::: Dataset records :::

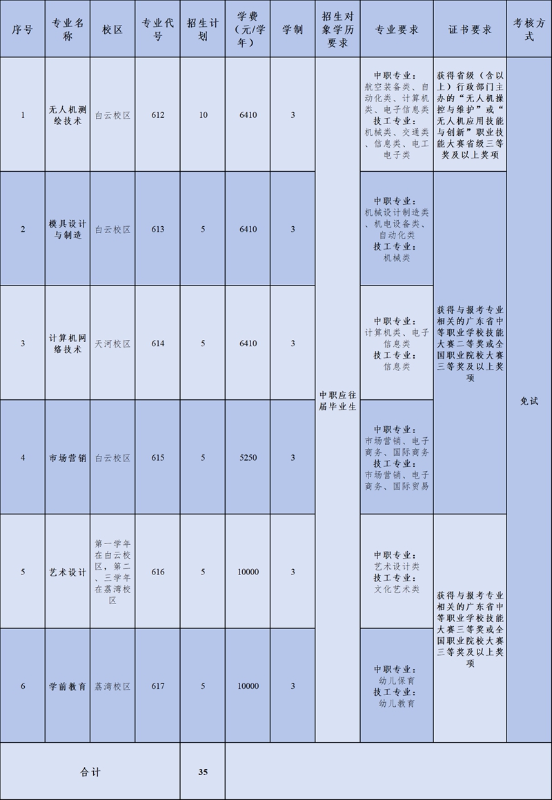 根据国家和省有关文件精神,模具设计与制造、计算机网络技术和市场营销专业免试条件为获得与报考专业相关的广东省中等职业学校技能大赛二等奖或全国职业院校大赛三等奖及以上奖项;艺术设计和学前教育专业免试条件为获得与报考专业相关的广东省中等职业学校技能大赛三等奖或全国职业院校大赛三等奖及以上奖项;无人机测绘技术专业免试条件为获得省级(含)以上行政部门主办的“无人机操控与维护”或“无人机应用技能与创新”职业技能大赛省级三等奖及以上奖项。
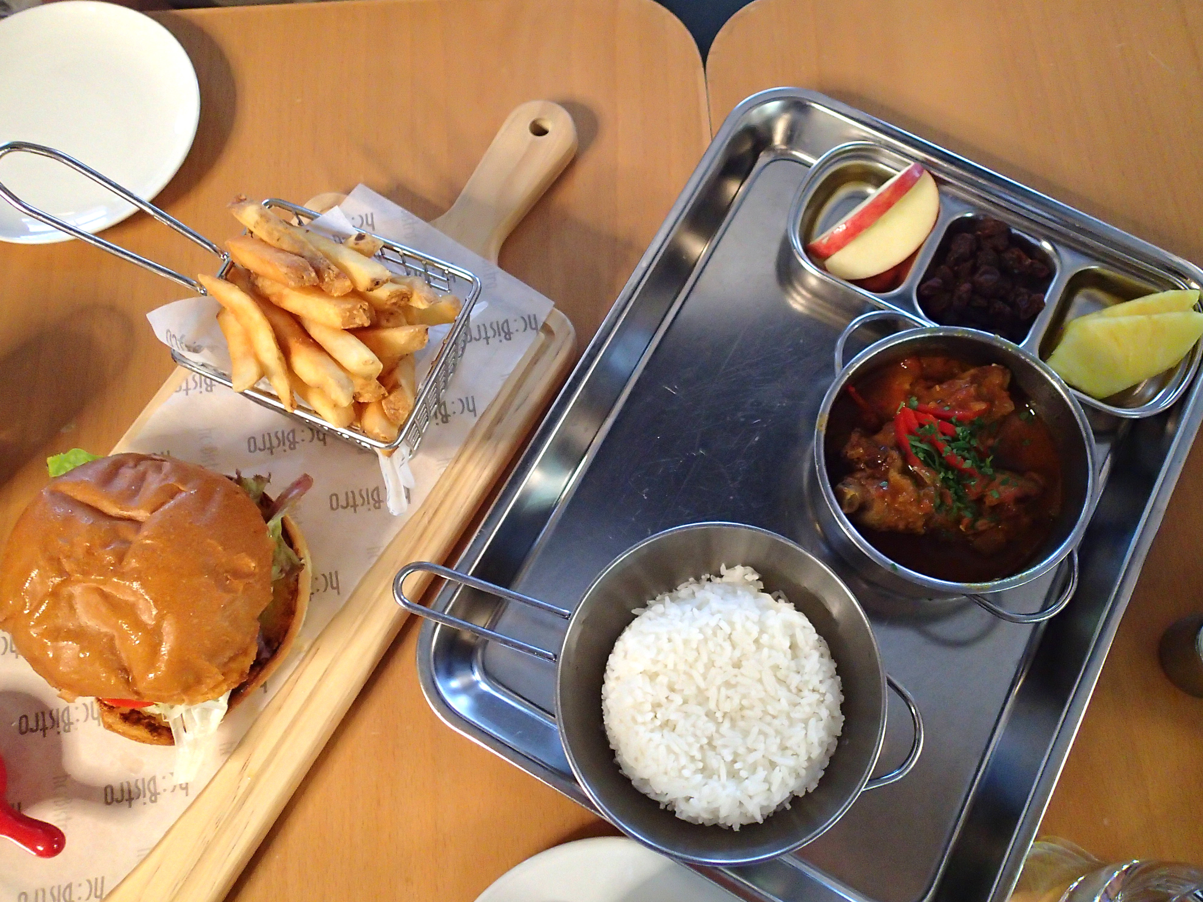 hc:Bistro was established by the Hong Chi Association, which provides support for people with intellectual disabilities. The bustling restaurant, located in the oldest preserved building, with a semi-open kitchen, serves international cuisine, with different set menus available for lunch, afternoon tea, and dinner. A signature is the spicy D Hall curry chicken served with rice or roti and a selection of condiments, so popular it often appears on all three menus.
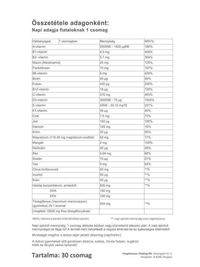 A modern életvitel, az iskolai követelmények, a sport, valamint a közösségi élet rengeteg energiát igényel. A napi multivitamin csomag gondosan válogatott összetevői hozzájárulnak a normál energiatermelő anyagcsere-folyamatokhoz, az idegrendszer megfelelő működéséhez, valamint a csontok és az izmok egészségéhez.
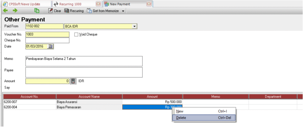 4. Setelah itu edit transaksi pada other paymentnya menjadi seperti gambar di bawah ini.
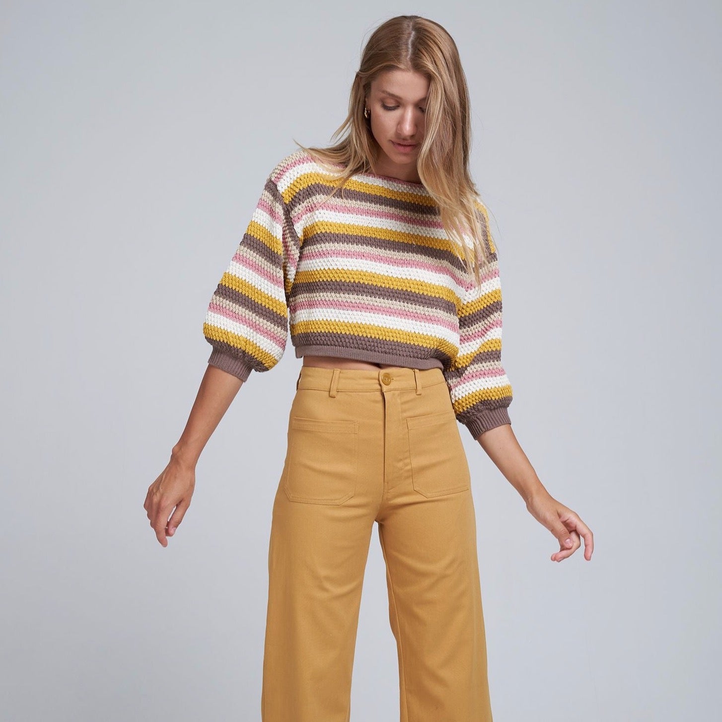Styled here with our Rainbow Top in Sunset Vibe.
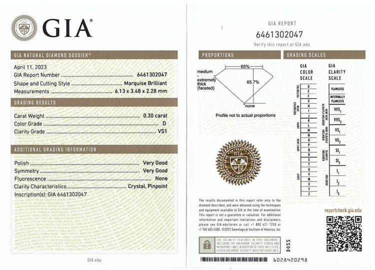 A loose pair of marquise cut Natural Diamonds totalling 0.60cts (both with GIA summary reports both graded as D VS1 # 6461302047, 6462469263
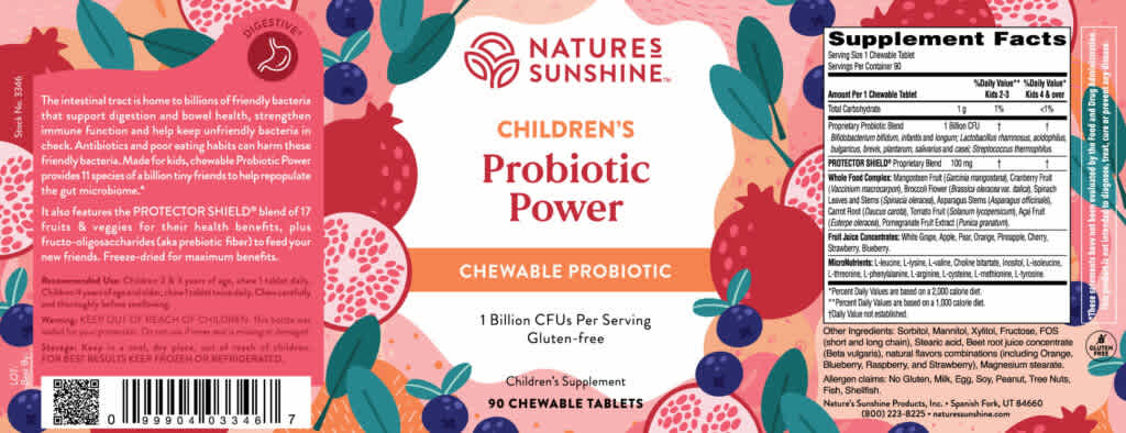 Nature’s Sunshine Probiotic Power – 90 Chewables supports digestive health and immune balance through a blend of beneficial probiotics. Each chewable tablet provides friendly bacteria that help maintain gut flora, support nutrient absorption, and promote overall digestive comfort. This great-tasting, natural formula makes it easy for the whole family to enjoy daily gut support.

:::

■ **Work required**: Could you transcribe exactly the entries above, but only the lines from the one with "A modern életvitel, az" through the one with "A loose pair", and without pictures?

■ **Solution**:
 A modern életvitel, az iskolai követelmények, a sport, valamint a közösségi élet rengeteg energiát igényel. A napi multivitamin csomag gondosan válogatott összetevői hozzájárulnak a normál energiatermelő anyagcsere-folyamatokhoz, az idegrendszer megfelelő működéséhez, valamint a csontok és az izmok egészségéhez.
 4. Setelah itu edit transaksi pada other paymentnya menjadi seperti gambar di bawah ini.
Styled here with our Rainbow Top in Sunset Vibe.
 A loose pair of marquise cut Natural Diamonds totalling 0.60cts (both with GIA summary reports both graded as D VS1 # 6461302047, 6462469263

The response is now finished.